Carl Banks pavlovevidence at gmail.com
Thu Jan 15 13:47:05 EST 2009


On Jan 15, 3:35 am, Duncan Booth <duncan.bo... at invalid.invalid> wrote:
> Terry Reedy <tjre... at udel.edu> wrote:
> > Lambert, David W (S&T) wrote:
> >> Overly terse.  I do mean that this is illegal:
>
> >> isinstance(s, {str, bytes})
>
> >> tuples have order, immutability, and the possibility of repeat items.
>
> >> A set is most reasonable in a mathematical sense.
>
> > I agree.  However, isinstance predates set.  Hence the status quo.
>
> There is another reason which nobody has mentioned, and which might make it
> tricky to do a good implementation that does accept sets.
>
> The second argument to isinstance or issubclass is a classinfo where a
> classinfo is either a class or a tuple of classinfo. This makes it easy to
> group related types: you can just combine existing groups of types together
> without having to flatten tuples. The immutability of tuples guarantees
> that you cannot create a recursive structure this way.
>
> If you allow sets then the code which traverses the classinfo has to
> protect itself against the possibility of an infinite recursion.
>
> The same argument also applies to exception handlers which also accept a
> type or a tuple of things they accept.
>
> Of course you could allow either an existing classinfo or a set of types,
> but not allow the set to contain anything other than types. That would
> still prevent recursion but means you have to be stricter about knowing
> what you are combining.
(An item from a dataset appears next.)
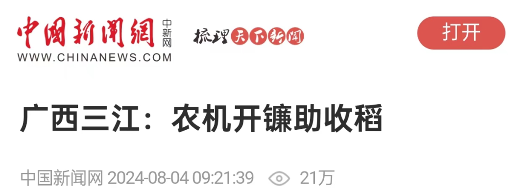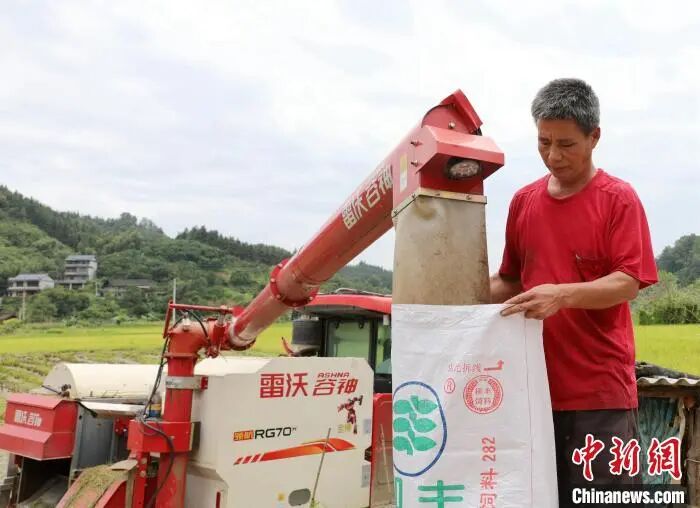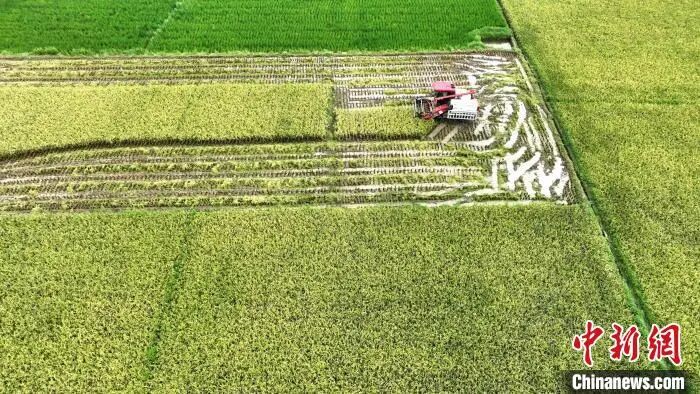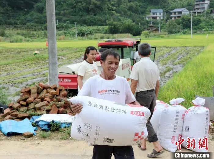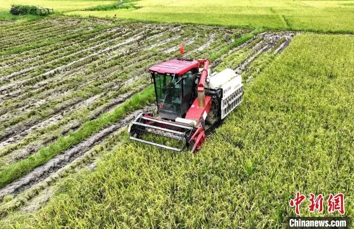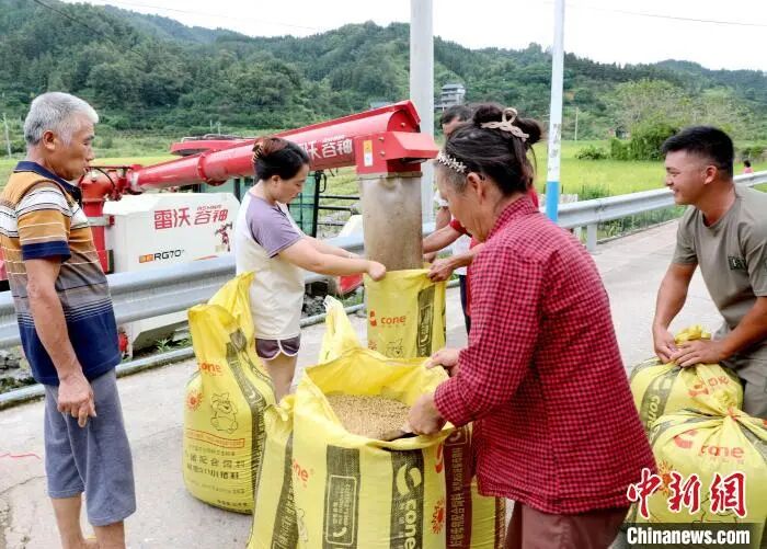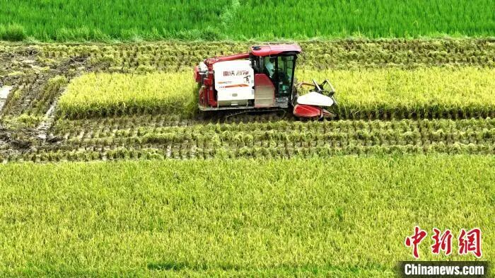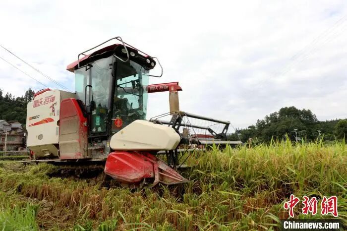 8月3日,广西三江侗族自治县丹洲镇红路村种植的优质稻迎来丰收期,当地村民抢抓晴好天气,利用联合收割机抢收稻谷,确保稻谷颗粒归仓。
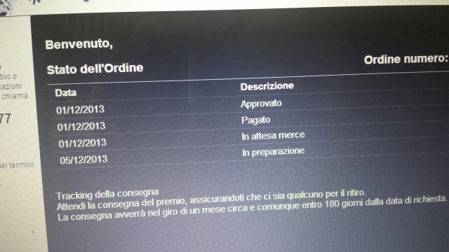Io ho fatto l'ordine il 1 dicembre e oggi dice: 05/12 in preparazione.

That probably wouldn't be a bad thing if everyone
> used sets consistently but I suspect would be messy if introduced at this
> stage.

I don't see what the big deal is.  Right now isinstance accepts a type
or a tuple of types.  The code could be changed to allow a type, or
any iterable the returns types (wherein every items of the sequence is
required to be a type).  What's messy about that?